> _Exercise requirements_:
Reproduce the following data exactly, minus any images.

> _Data excerpt_:
Segment Open

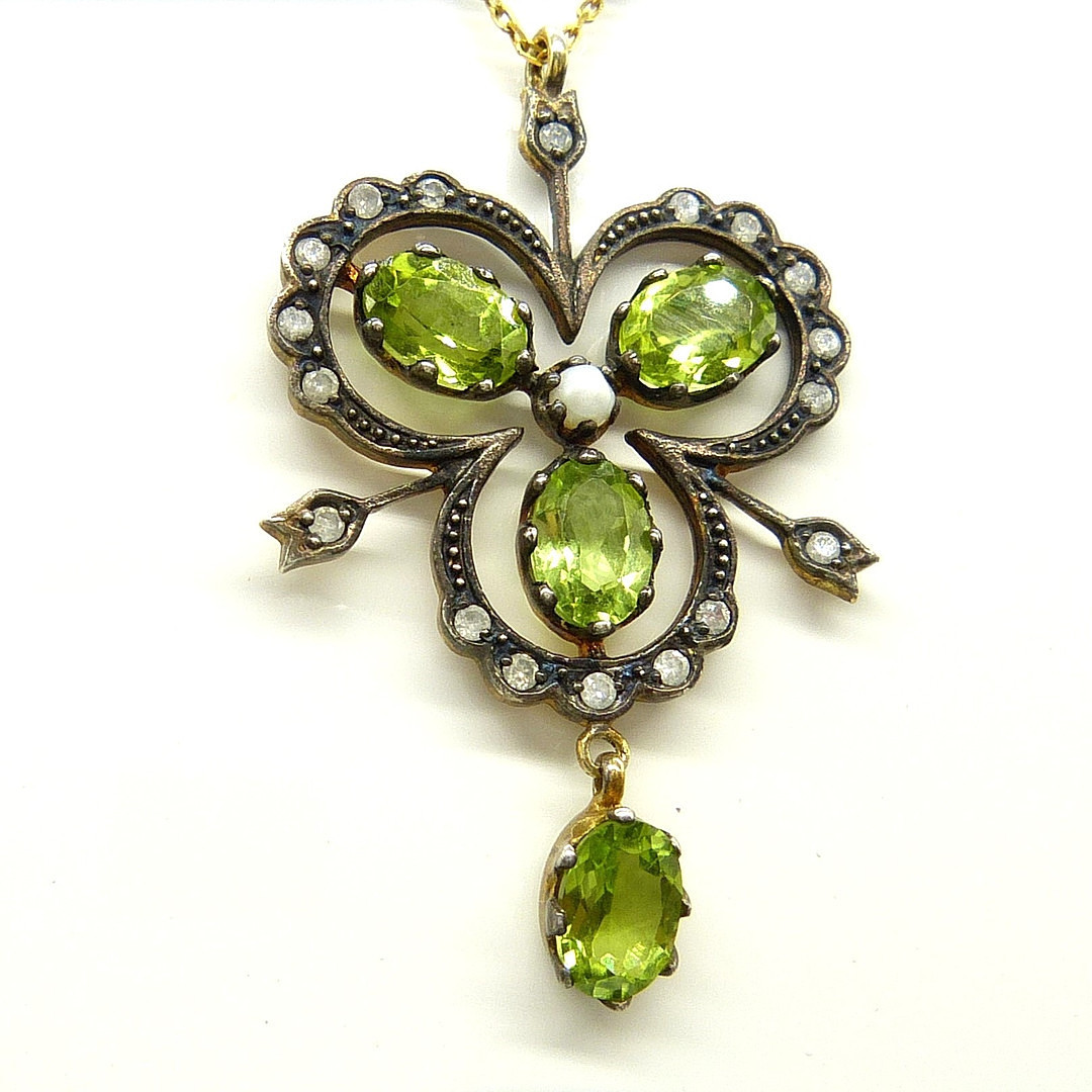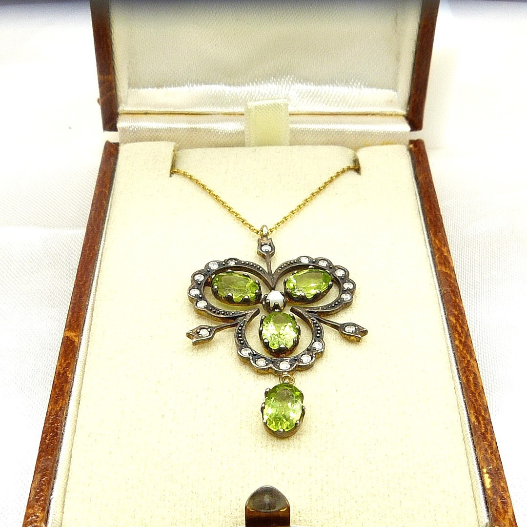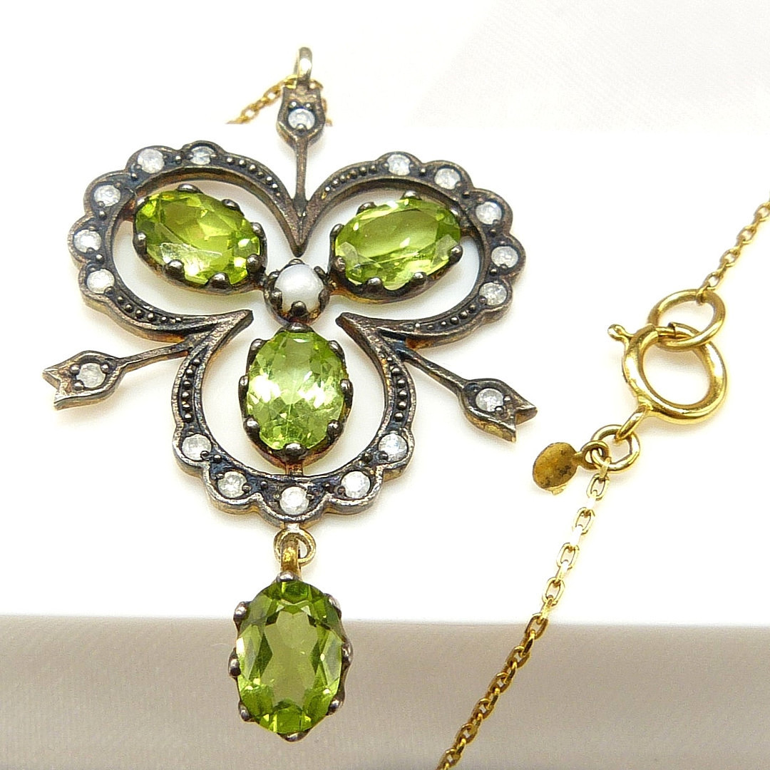 5000928. DIAMANT, PERIDOT & PERLE HALSKÆDE.
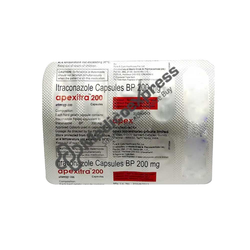 Apexitra 200 Capsule belongs to a class of drugs known as antifungals. It treats infections of the mouth, throat, vagina, and other parts of the body, including fingernails and toenails, by inhibiting fungi growth. Fungi are killed by destroying the fungal cell membrane.Disclaimer:For More Information Contact Your Physician
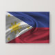 Knopf mit der Fahne der Philippinen in Wavy-Stoff-Design. Dieses Design zeichnet sich durch die philippinischen Fahnen-Farben und das Design mit einem schönen, schwingenden Material texturierten Effekt aus. Dieses Flaggendesign ist eine großartige Möglichkeit, Ihnen zu zeigen, dass Sie stolz sind, aus den Philippinen zu kommen.
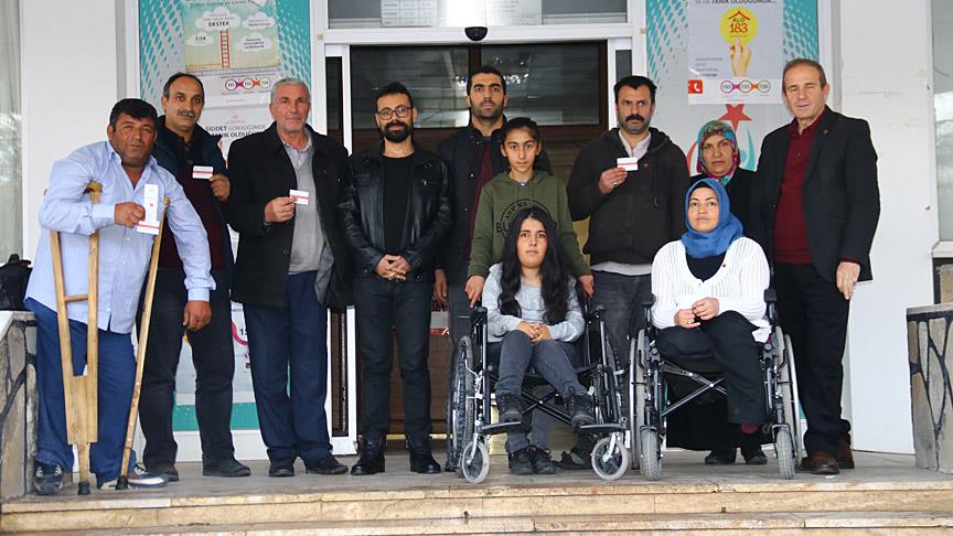 Organ bağışı formu dolduran engellilere, bağış kartları verildi.

Segment Closed

> _Result_:
 5000928. DIAMANT, PERIDOT & PERLE HALSKÆDE.
 Apexitra 200 Capsule belongs to a class of drugs known as antifungals. It treats infections of the mouth, throat, vagina, and other parts of the body, including fingernails and toenails, by inhibiting fungi growth. Fungi are killed by destroying the fungal cell membrane.Disclaimer:For More Information Contact Your Physician
 Knopf mit der Fahne der Philippinen in Wavy-Stoff-Design. Dieses Design zeichnet sich durch die philippinischen Fahnen-Farben und das Design mit einem schönen, schwingenden Material texturierten Effekt aus. Dieses Flaggendesign ist eine großartige Möglichkeit, Ihnen zu zeigen, dass Sie stolz sind, aus den Philippinen zu kommen.
 Organ bağışı formu dolduran engellilere, bağış kartları verildi.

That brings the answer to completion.